Bordalo II pôs o país inteiro a dizer a palavra laico de manhã à noite durante quase uma semana. Palavra que praticamente não se ouvia desde o funeral de Mário Soares, onde foi repetida até à exaustão a sua famosa frase: “Sou socialista, republicano e laico”.
A justa causa de Bordalo II baseava-se no flagelo dos abusos sexuais, que só um total ignóbil não apoiaria. O mais comum dos cristãos sente vergonha e revolta com tudo isso, toca-lhe. Porém, a justa causa esbarra no argumento e perde tracção.
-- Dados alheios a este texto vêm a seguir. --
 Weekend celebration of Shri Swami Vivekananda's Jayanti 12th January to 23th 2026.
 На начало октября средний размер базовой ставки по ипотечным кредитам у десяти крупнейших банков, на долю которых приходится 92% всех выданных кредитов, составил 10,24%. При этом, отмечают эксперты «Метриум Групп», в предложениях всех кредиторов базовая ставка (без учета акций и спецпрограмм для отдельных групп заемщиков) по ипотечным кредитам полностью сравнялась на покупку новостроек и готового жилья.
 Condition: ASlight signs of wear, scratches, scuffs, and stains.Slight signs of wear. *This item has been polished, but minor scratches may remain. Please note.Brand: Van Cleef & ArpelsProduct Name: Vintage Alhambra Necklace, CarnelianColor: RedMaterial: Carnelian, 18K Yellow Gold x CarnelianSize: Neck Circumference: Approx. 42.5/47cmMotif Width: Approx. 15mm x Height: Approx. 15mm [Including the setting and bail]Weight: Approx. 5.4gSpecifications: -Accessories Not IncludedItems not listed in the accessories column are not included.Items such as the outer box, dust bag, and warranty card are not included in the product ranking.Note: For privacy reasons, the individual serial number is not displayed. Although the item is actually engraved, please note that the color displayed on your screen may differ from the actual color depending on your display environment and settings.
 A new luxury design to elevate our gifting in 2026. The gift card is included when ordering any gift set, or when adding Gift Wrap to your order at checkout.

Estado laico significa que a igreja não interfere nos assuntos da esfera pública e a esfera pública não interfere no sistema interno da igreja. Um cardeal não tem autoridade para dizer a um ministro que decisões deve tomar, de dizer a um juiz quem é culpado ou inocente, ou a um deputado em que sentido deve votar. E vice-versa: um ministro ou um presidente não tem poder para condicionar a posição de um cardeal nos órgãos e decisões internos da igreja.
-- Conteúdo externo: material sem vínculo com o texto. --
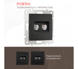 Розетка телефонная RJ11 + компьютерная RJ45 Arte Milano 206.44-1.black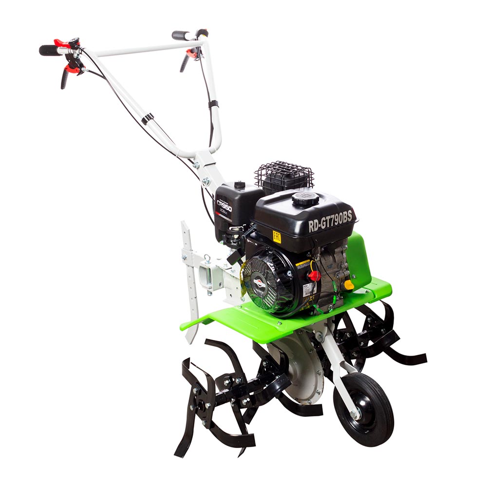 Мотокультиватор REDVERG RD-GT790BS надёжный и производительный агрегат с четырёхтактным двигателем Briggs&Stratton RS 950, мощность которого составляет 6,5 л.с. или 4850 Вт. Объём двигателя 208 кубических сантиметров. Сцепление ременное. Ёмкость масляного бака 0,6 литра. Ёмкость топливного бака 3,1 литра, что позволяет поддерживать продолжительный рабочий цикл. Фрезы кованные разборные. Диаметр фрезы 300 мм. Ширина культивации 790 мм. Глубина вспашки 330 мм. Большие колёса, передняя и задняя скорости обеспечивают манёвренность инструмента в процессе эксплуатации и транспортировки. Вес товара насчитывает 52 кг.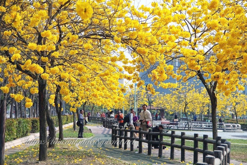 看過這般美麗的黃花風鈴木嗎?這座公園就位於台中市北屯區的廍子公園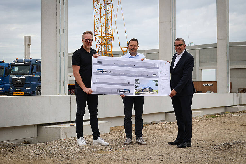 Das hochmoderne Gebäude entsteht auf einem Grundstück von knapp 26.000 m2 im verkehrsgünstig gelegenen Gewerbegebiet Holsterfeld in Salzbergen. Es umfasst eine Produktionsfläche von circa 12.000 m2 sowie 400 m2 Büroräumlichkeiten. Rund 80 Mitarbeiter werden hier zukünftig tätig sein. Gemeinsam mit dem Bürgermeister der Gemeinde Salzbergen, Andreas Kaiser und dem Architekten Michael Boyer von bb architekten boyer & bröckerhoff GmbH überzeugte sich Dennis Schürmann vom Fortschritt des Großprojektes.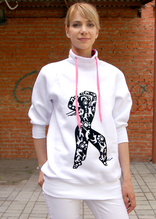 Freestyle – это яркая необычная белая толстовка с оригинальным бархатным рисунком. Модель с воротником «стоечка» со шнурком, c рукавами длины три четверти. Воротник внутри отделан мягкой тканью в яркую полоску. Низ изделия и манжеты на рукавах сделаны из эластичной ткани - кашкорсе, это позволяет толстовке отлично сидеть на фигуре. Толстовка внутри имеет мягкий приятный для тела начес, что отлично подходит для холодной погоды. Ткань хорошо пропускает воздух и позволяет коже дышать. Эта модель свободного покроя хорошо подойдёт как для активного отдыха, так и для повседневной жизни. В ней вы будете особенной, ведь белый цвет освежает, возвышает, вдохновляет, притягивает. А рисунок танцующей девушки добавит игривости вашему образу, и подчеркнет Ваш индивидуальный стиль.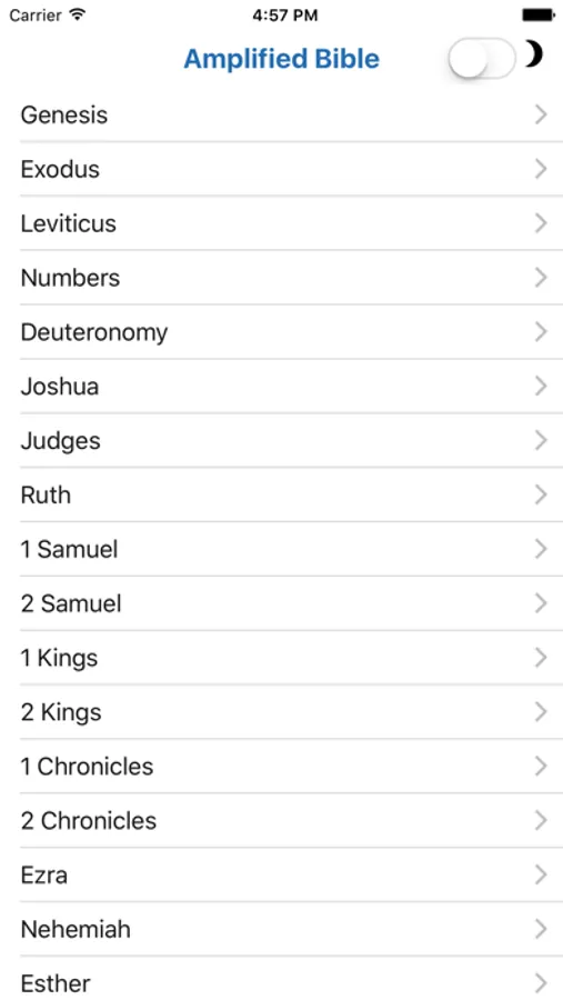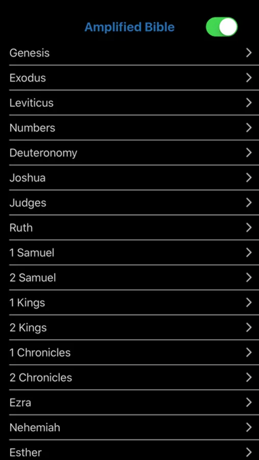 2 Samuel / 1 Kings / 2 Kings / 1 Chronicles / 2 Chronicles / Ezra / Nehemiah / Esther / Job / Psalm / Proverbs / Ecclesiastes / Song of Solomon / Isaiah / Jeremiah / Lamentations / Ezekiel / Daniel / Hosea / Joel / Amos / Obadiah / Jonah / Micah / Nahum / Habakkuk
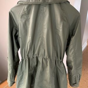 Army green spring jacket in great shape! The zipper is a bit tough but works fine. Longer in the back. Very stylish. You can roll up the sleeve and has a midden hood in case of rain.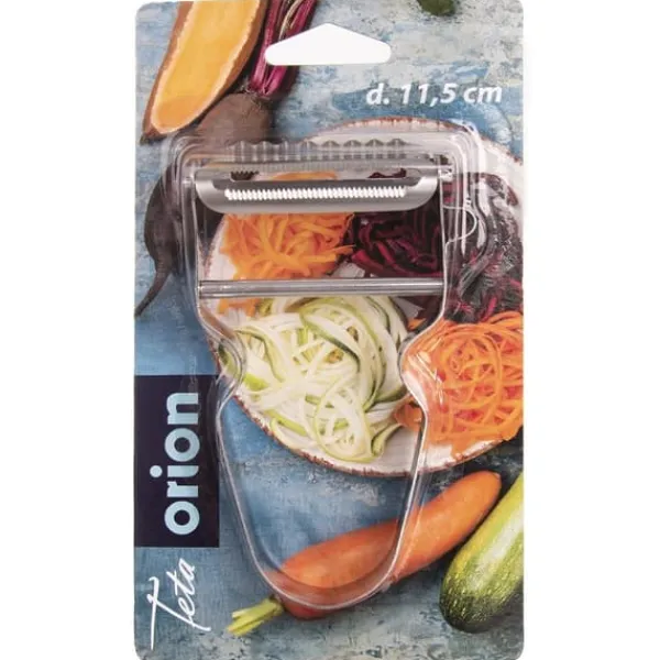 En dubbel frukt- och grönsaksskalare, användbar i alla kök. Den är perfekt för att snabbt och enkelt skala skal från saker som potatis, äpplen eller tomater. Perfekt för att skiva tunna skivor eller dekorera. Skalaren har ett praktiskt handtag och vassa blad, vilket gör den mycket bekväm att använda. Tack vare den kan du enkelt skala färska grönsaker och frukt. Originalprodukt från det tjeckiska märket Orion. Tillverkad i enlighet med europeiska standarder.

É apenas isto: a igreja não interfere na dinâmica da esfera pública e a esfera pública não interfere na dinâmica da igreja. Como tal, nada impede o Estado de financiar um evento de âmbito religioso, como apoia eventos desportivos. O Governo e as autarquias afectam os seus recursos em função daquilo que o seu eleitorado prefere. Se errarem nesse juízo, os eleitores terão a sua oportunidade para os substituir nas eleições seguintes, é a democracia a funcionar.
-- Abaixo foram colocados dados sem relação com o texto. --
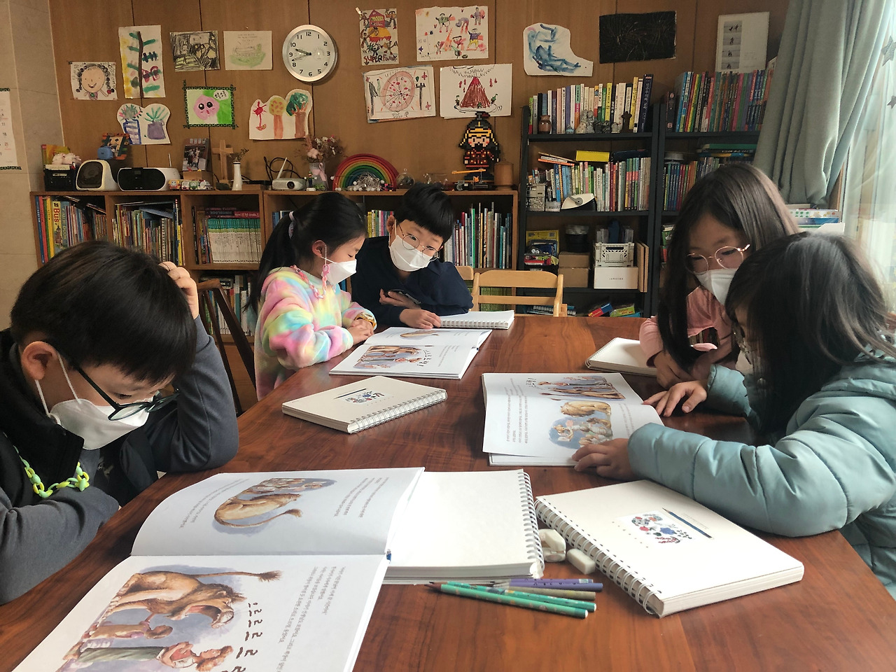 아홉살 아이들과 일주일에 한 번 만나서 그림책을 읽고 이야기를 나누고 있습니다. 책을 읽고 궁금했던 내용을 질문으로 만들고, 그 질문으로부터 생각을 넓고 깊게 해보려고 합니다. 어떤 날은 생각이 어렵다고 할 수도 있고, 어떤 날은 생각하는 것이 재미있다고 합니다. 무엇보다 함께 모여 책을 읽으니, 그 책이 다르게 보인다는 말을 많이 합니다. 오늘 읽어야할 책을 딱 꺼내면 "내가 아는 책인데, 내가 읽었던 책인데?" 하고 말하던 아어린이들은 "이걸로 이야기할 거 많을 것 같아요. 이 책을 어떻게 읽고 질문을 만들지 너무 기대되요"라고 말합니다. 함께 읽고 생각하기의 묘미를 알아차린 것 같아요!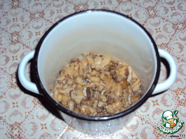 Вешенки (можно шампиньоны) слегка посолить, поперчить и обжарить на растительном масле. Остудить. Масло сцедить. Выложить грибы в глубокую форму или любую ёмкость цилиндрической формы.

Ser laico não é ser anticlerical e o que se nota nestas alturas, até para um não crente como eu, é que uma massa de pessoas na nossa praça não tolera a religião dos outros se estes forem cristãos (se forem de outras religiões o caso muda de figura) sentem que têm ali uma oportunidade para demonstrar a sua aversão e intolerância ao cristianismo (quando passam o resto da vida a defender a tolerância para outros grupos) enchendo-se da expressão “laico” quando, no fundo, estas pessoas demonstram nos seus pontos de vista que não são laicas, mas sim, anticlericais.
Este fundamentalismo não segue os ditames da justiça social que todos gostamos de defender. Segue os ditames do entrincheiramento, da divisão e do conflito cego. É um pressuposto perigoso por duas razões. A primeira, porque incita ao sentimento de culpa do cristão por ser cristão, o que não é diferente do incitamento de culpa ao muçulmano por ser muçulmano, e ao judeu por ser judeu. Já todos sabemos como tudo isto acaba.
A segunda razão pela qual este argumento é perigoso é por atacar fundamentalmente a massa juvenil. É para eles que este evento foi posto de pé, um evento que é, em si, naturalmente benigno. Não é uma final da Liga dos Campeões com ingleses bêbedos à tareia e a destruir esplanadas.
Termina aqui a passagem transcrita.